Instructions for the task:
Line by line, give the data again exactly as it appears, but without pictures.

Data section:
Content starts

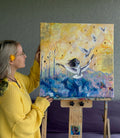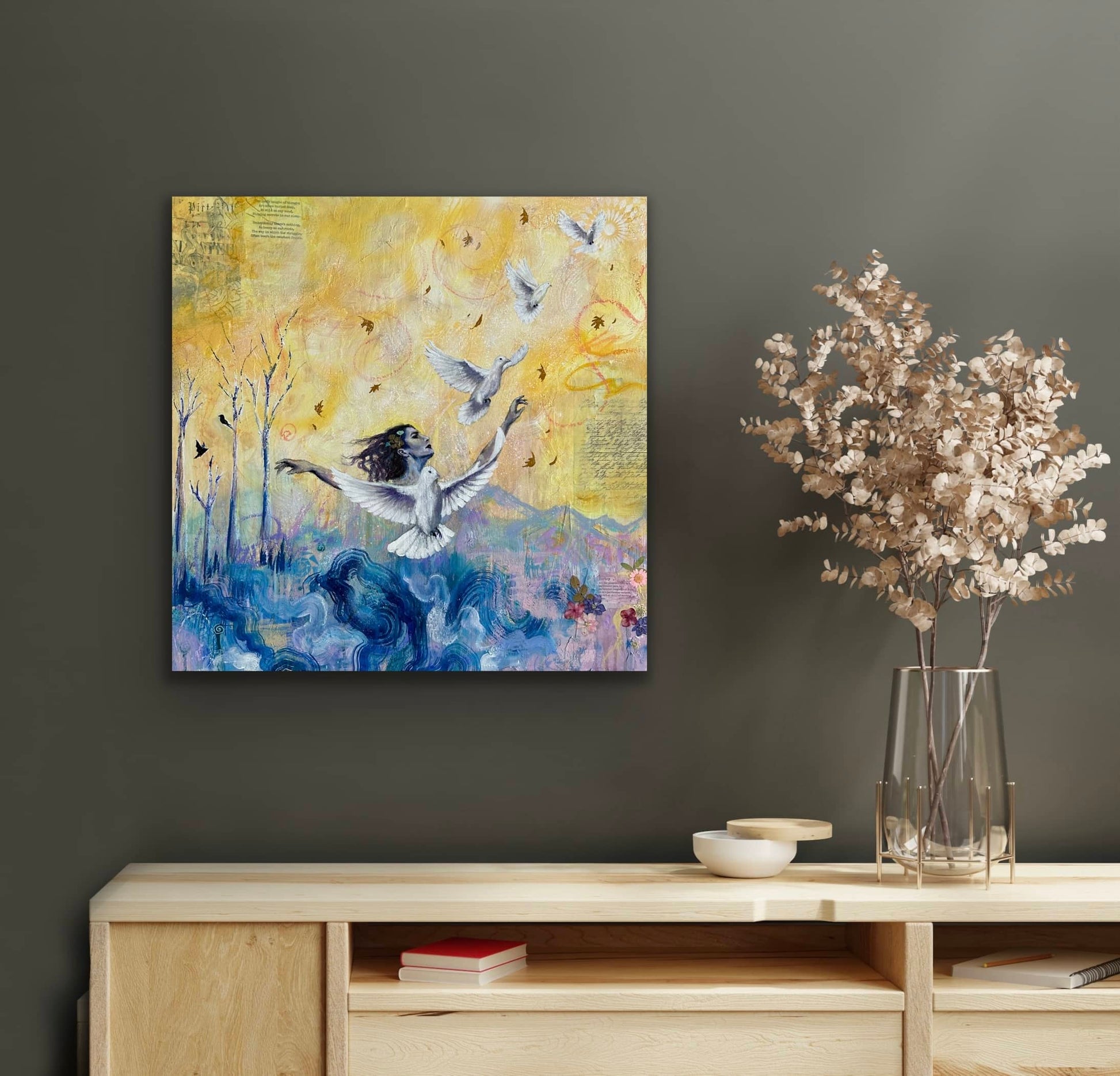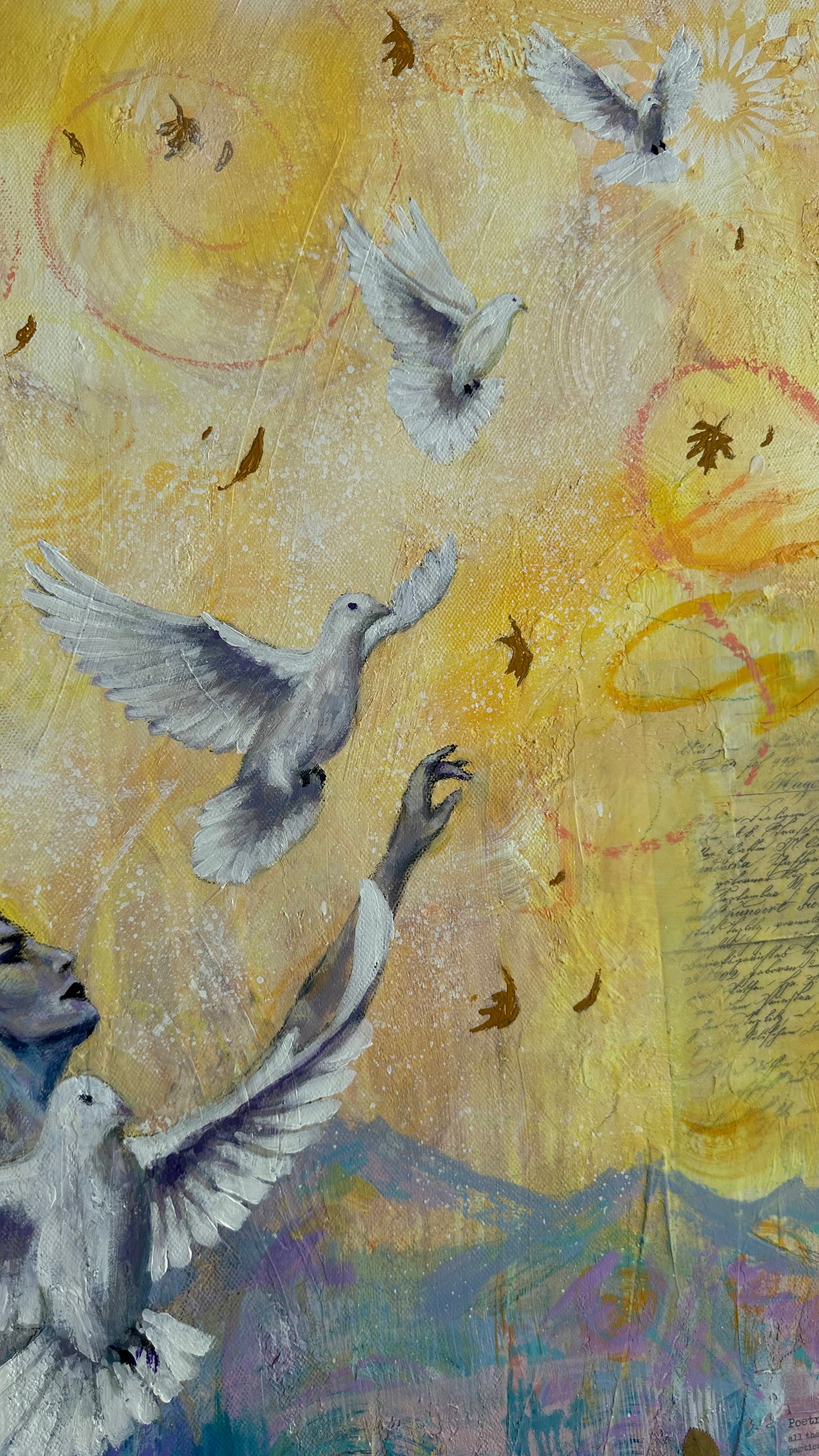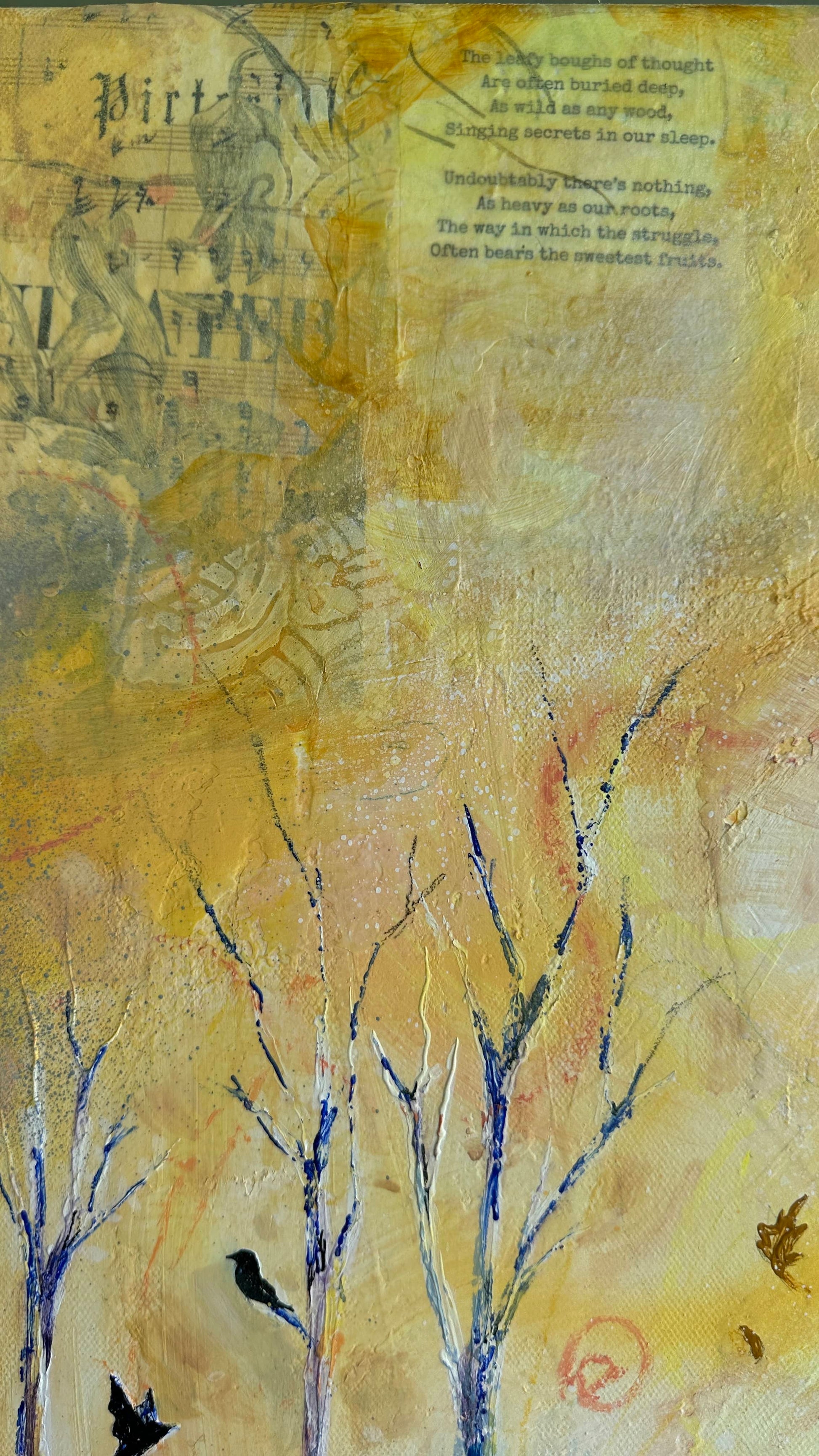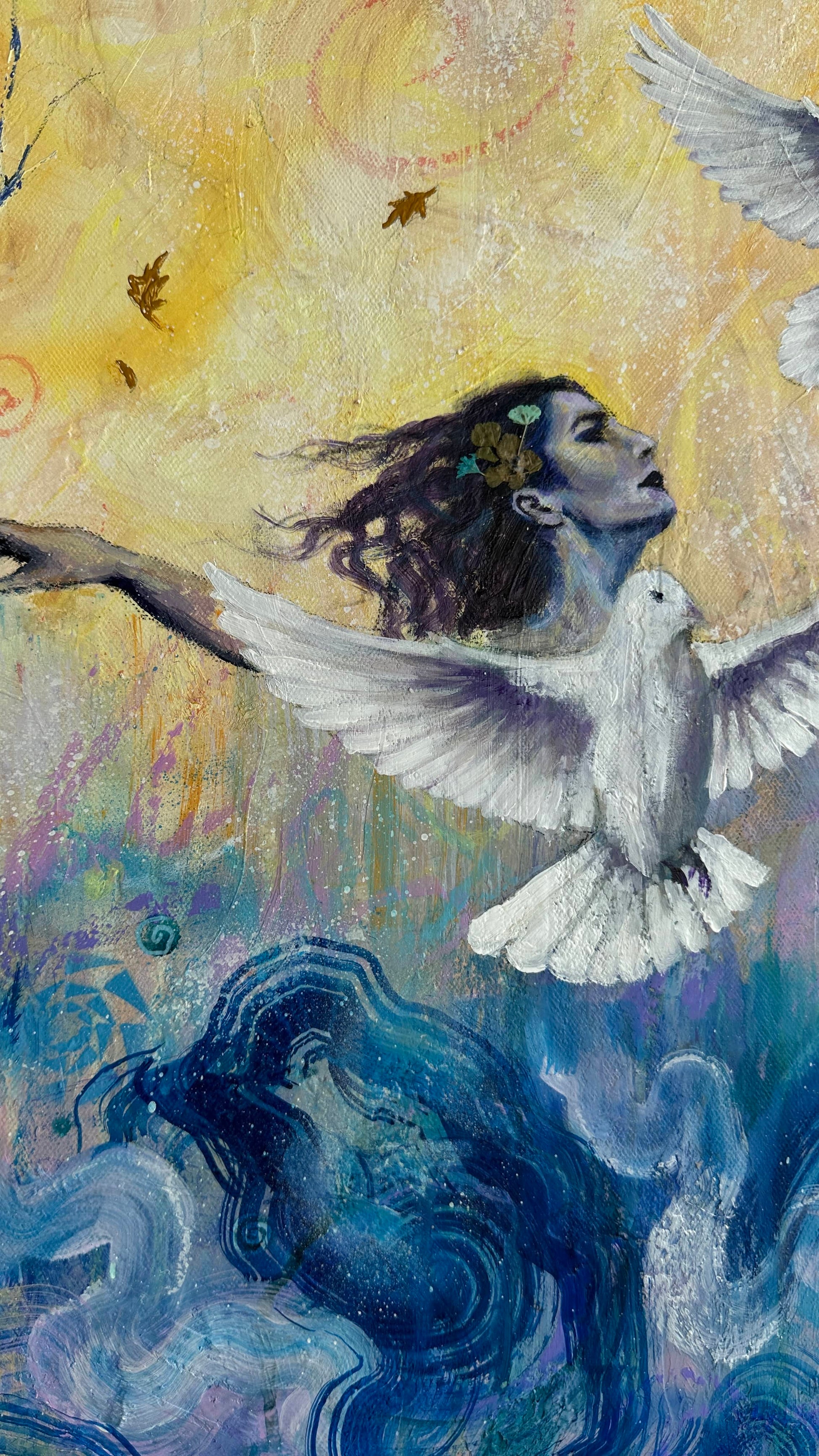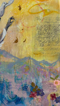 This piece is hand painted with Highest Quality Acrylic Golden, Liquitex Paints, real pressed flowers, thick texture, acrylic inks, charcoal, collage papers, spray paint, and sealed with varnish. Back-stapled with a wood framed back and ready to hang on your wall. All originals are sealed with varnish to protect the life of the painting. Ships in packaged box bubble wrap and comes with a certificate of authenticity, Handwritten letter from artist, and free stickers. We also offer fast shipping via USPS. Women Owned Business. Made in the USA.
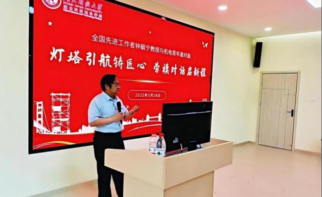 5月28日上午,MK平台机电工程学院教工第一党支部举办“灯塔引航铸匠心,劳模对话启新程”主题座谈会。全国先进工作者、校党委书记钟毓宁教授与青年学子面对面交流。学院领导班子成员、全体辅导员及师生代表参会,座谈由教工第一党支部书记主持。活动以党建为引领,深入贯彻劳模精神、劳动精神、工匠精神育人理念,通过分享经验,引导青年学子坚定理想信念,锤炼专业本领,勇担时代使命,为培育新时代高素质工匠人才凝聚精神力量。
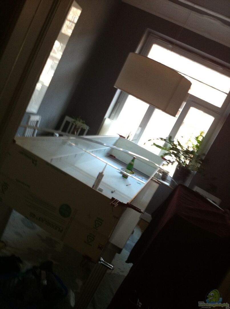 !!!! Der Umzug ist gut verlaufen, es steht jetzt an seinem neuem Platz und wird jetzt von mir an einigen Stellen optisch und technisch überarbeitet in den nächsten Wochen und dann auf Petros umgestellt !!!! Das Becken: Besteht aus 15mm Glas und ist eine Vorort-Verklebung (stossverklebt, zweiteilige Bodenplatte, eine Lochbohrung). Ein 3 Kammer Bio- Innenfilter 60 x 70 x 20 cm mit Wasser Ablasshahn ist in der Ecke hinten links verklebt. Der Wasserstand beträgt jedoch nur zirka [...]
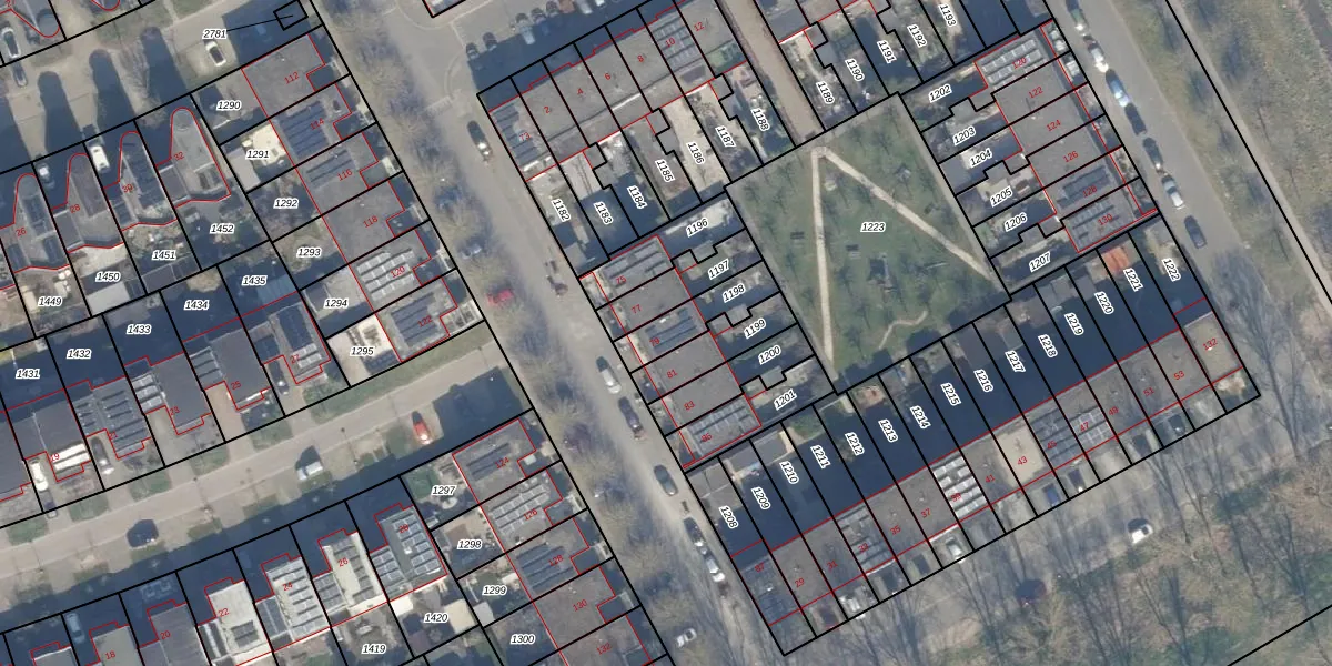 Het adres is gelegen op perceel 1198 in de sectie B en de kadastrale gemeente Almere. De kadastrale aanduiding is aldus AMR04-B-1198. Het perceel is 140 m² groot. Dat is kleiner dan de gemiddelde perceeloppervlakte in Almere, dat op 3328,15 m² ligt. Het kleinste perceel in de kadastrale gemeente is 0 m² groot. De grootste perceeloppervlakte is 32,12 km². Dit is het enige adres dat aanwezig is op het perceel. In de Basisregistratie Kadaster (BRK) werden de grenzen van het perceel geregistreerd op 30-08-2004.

Content ends

Response to the exercise:
 This piece is hand painted with Highest Quality Acrylic Golden, Liquitex Paints, real pressed flowers, thick texture, acrylic inks, charcoal, collage papers, spray paint, and sealed with varnish. Back-stapled with a wood framed back and ready to hang on your wall. All originals are sealed with varnish to protect the life of the painting. Ships in packaged box bubble wrap and comes with a certificate of authenticity, Handwritten letter from artist, and free stickers. We also offer fast shipping via USPS. Women Owned Business. Made in the USA.
 5月28日上午,MK平台机电工程学院教工第一党支部举办“灯塔引航铸匠心,劳模对话启新程”主题座谈会。全国先进工作者、校党委书记钟毓宁教授与青年学子面对面交流。学院领导班子成员、全体辅导员及师生代表参会,座谈由教工第一党支部书记主持。活动以党建为引领,深入贯彻劳模精神、劳动精神、工匠精神育人理念,通过分享经验,引导青年学子坚定理想信念,锤炼专业本领,勇担时代使命,为培育新时代高素质工匠人才凝聚精神力量。
 !!!! Der Umzug ist gut verlaufen, es steht jetzt an seinem neuem Platz und wird jetzt von mir an einigen Stellen optisch und technisch überarbeitet in den nächsten Wochen und dann auf Petros umgestellt !!!! Das Becken: Besteht aus 15mm Glas und ist eine Vorort-Verklebung (stossverklebt, zweiteilige Bodenplatte, eine Lochbohrung). Ein 3 Kammer Bio- Innenfilter 60 x 70 x 20 cm mit Wasser Ablasshahn ist in der Ecke hinten links verklebt. Der Wasserstand beträgt jedoch nur zirka [...]
 Het adres is gelegen op perceel 1198 in de sectie B en de kadastrale gemeente Almere. De kadastrale aanduiding is aldus AMR04-B-1198. Het perceel is 140 m² groot. Dat is kleiner dan de gemiddelde perceeloppervlakte in Almere, dat op 3328,15 m² ligt. Het kleinste perceel in de kadastrale gemeente is 0 m² groot. De grootste perceeloppervlakte is 32,12 km². Dit is het enige adres dat aanwezig is op het perceel. In de Basisregistratie Kadaster (BRK) werden de grenzen van het perceel geregistreerd op 30-08-2004.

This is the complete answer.